Work order: Would you please transcribe the data in full and exactly, excluding images?
►
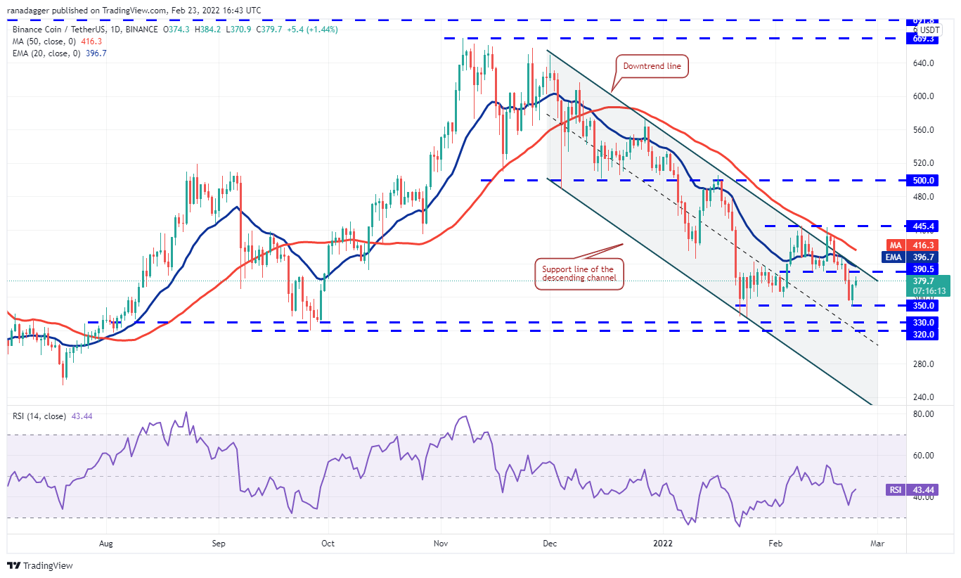 Binance Coin (BNB) bounced off the strong support at $350 on Feb. 22 indicating that bulls have not given up and they continue to buy at lower levels. The bulls will now attempt to drive the price above the downtrend line of the descending channel.
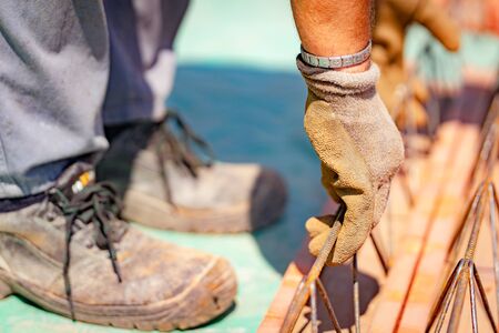 Gloves hands laying brick cement construction worker masonry dirty industrial
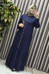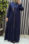 Kristal düğme detayları, elbiseye sofistike bir dokunuş katar.
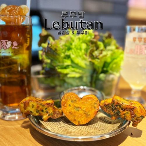るぶたんオリジナルチヂミです♪中に豚肉と野菜が入っています。るぶたん/韓国/韓国料理/サムギョプサル/チュクミ/女子会/デート/記念日/貸切
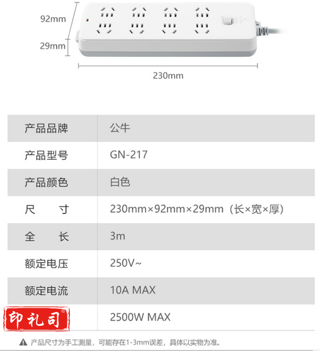 公牛(BULL) 过载保护插座//接线板8位总控全长3米 GN-217
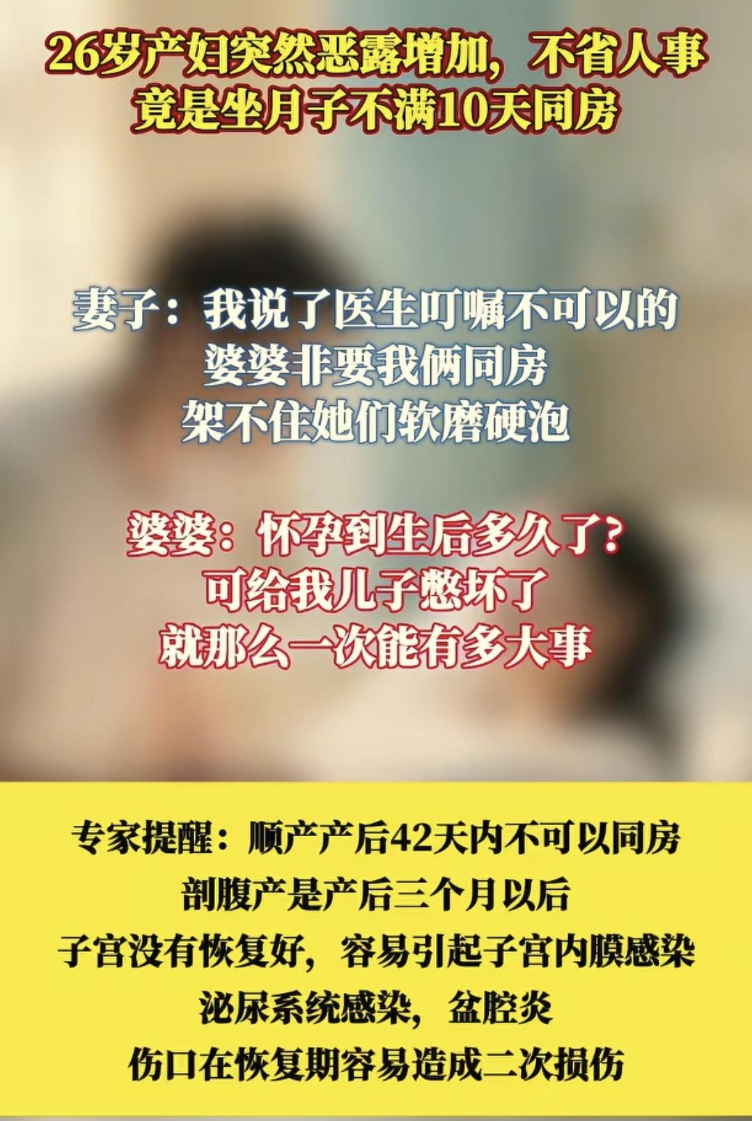婆婆哀求兒媳履行一職責,導致產婦月子大出血昏迷,醫生:禽獸
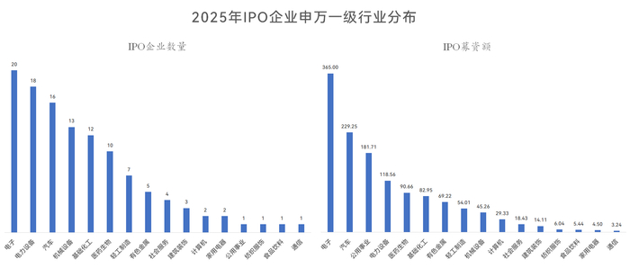 根据申万一级行业分类标准,电子行业在IPO企业数量和募资额上均位居榜首,分别为20家、365.00亿元,分别占全年IPO数量和募资总额的17.24%、27.70%。
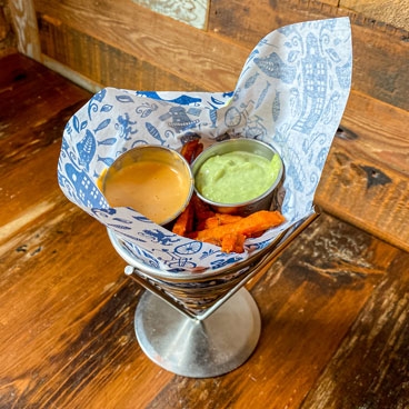 Roasted cauliflower, mushrooms, shredded beets, goat & Edam cheeses, basil pesto, frites
◄
Final answer:
 Binance Coin (BNB) bounced off the strong support at $350 on Feb. 22 indicating that bulls have not given up and they continue to buy at lower levels. The bulls will now attempt to drive the price above the downtrend line of the descending channel.
 Gloves hands laying brick cement construction worker masonry dirty industrial
 Kristal düğme detayları, elbiseye sofistike bir dokunuş katar.
るぶたんオリジナルチヂミです♪中に豚肉と野菜が入っています。るぶたん/韓国/韓国料理/サムギョプサル/チュクミ/女子会/デート/記念日/貸切
 公牛(BULL) 过载保护插座//接线板8位总控全长3米 GN-217
婆婆哀求兒媳履行一職責,導致產婦月子大出血昏迷,醫生:禽獸
 根据申万一级行业分类标准,电子行业在IPO企业数量和募资额上均位居榜首,分别为20家、365.00亿元,分别占全年IPO数量和募资总额的17.24%、27.70%。
 Roasted cauliflower, mushrooms, shredded beets, goat & Edam cheeses, basil pesto, frites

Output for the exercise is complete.